With the AIC, we can estimate the distance from the truth to each of the models.

Each AIC estimate is off by the same amount.

While we can't estimate the absolute distance of the models

from the truth, we can know which model is the closest

in a relative sense.

The original AIC is based

on the likelihood of the training data plus a parameter penalty.

The training likelihood assesses the goodness-of- fit of the model.

We can't use this term by itself though, because it is biased downward

as the model parameters were chosen to minimize

the negative log likelihood.

With a lot of math, Akaike derived a very simple expression

that corrects for this bias.

The original penalty is just 2 K

where K is the total number of estimated parameters.

For linear regression with a slope

and an intercept, we also have to count the variance.

For that case you would have K equals three and not two.

There are important assumptions that led to the 2 K penalty.

We can characterize them loosely that the model has to be reasonably good.

The AIC is still going to be robust however, because if a model is bad,

then the likelihood component will be large and will dominate

the penalty amongst the good models.

The 2K term will favor the smaller models as long

as the sample size is large.

However, it didn't take long for people to find that this original AIC

often shows models that overfit in small samples,

so a more accurate, higher- order approximation to the bias was derived.

When this extra term is added,

the criteria becomes known as the AICc or the corrected AIC.

Unfortunately, the reputation that the AIC overfits

had become commonplace before the correction was discovered

and widely known about.

The correction becomes infinite as K approaches N

pushing the model selection criteria away from models that are nearly saturated.

Notice also that the correction term goes to zero as N goes to infinity.

In large samples the AIC and AICc are equivalent.

The AICc is what we reported in Trump because it works well for small samples

and although it was derived for Gaussian distributions,

experience suggests that it's good enough with other commonly used distributions.

Now I'm going to illustrate the AICc

in a real example that was a five- factor central composite design with 31 runs,

and the response was the amount of p DNA produced by a bioreactor.

I'll illustrate the AICc using the generalized regression platform,

giving it a full response surface model

with all main effects interactions and second- order terms.

I fit four models to the data.

One is a full response surface model using least squares that was fit automatically.

Then I use forward selection

under the normal, logNormal, and exponential distributions.

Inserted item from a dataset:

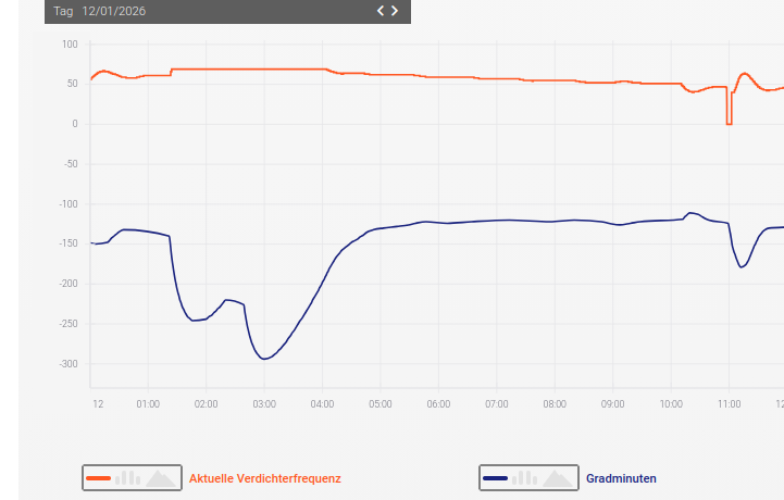 Der Zeitraum in dem die WP WP [Wärmepumpe] mit 120 Hz läuft erscheint mir bei deinen Daten erst mal nicht ganz unplausibel; die Außentemperatur wäre natürlich relevant.
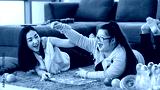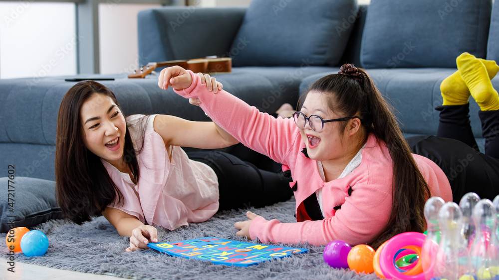 Asian young happy mother laying down on carpet floor near a girl with down syndrome daughter wearing glasses playing smiling laughing and using alphabets puzzle toy teaching together

I chose the exponential distribution to illustrate poor model fit.

The models had 2 2, 9, 9, and 1 parameters respectively,

and the model with the lowest AICc was the logN ormal with an AICc

of about 334.8.

We can break the AIC and AICc calculations

down to see how different parts of the penalty are contributing.

The full least squares model

has the lowest likelihood, but the highest AICc overall.

When we look at the second- order corrections and the original AIC values,

we see that it's the second order correction term that is pushing

the model selection criteria to be very large for this model.

The logN ormal forward selection log likelihood is a little lower

than the normal forward selection one.

They both have nine parameters, so their penalties are the same

and the logN ormal forward selection model has the lower AICc.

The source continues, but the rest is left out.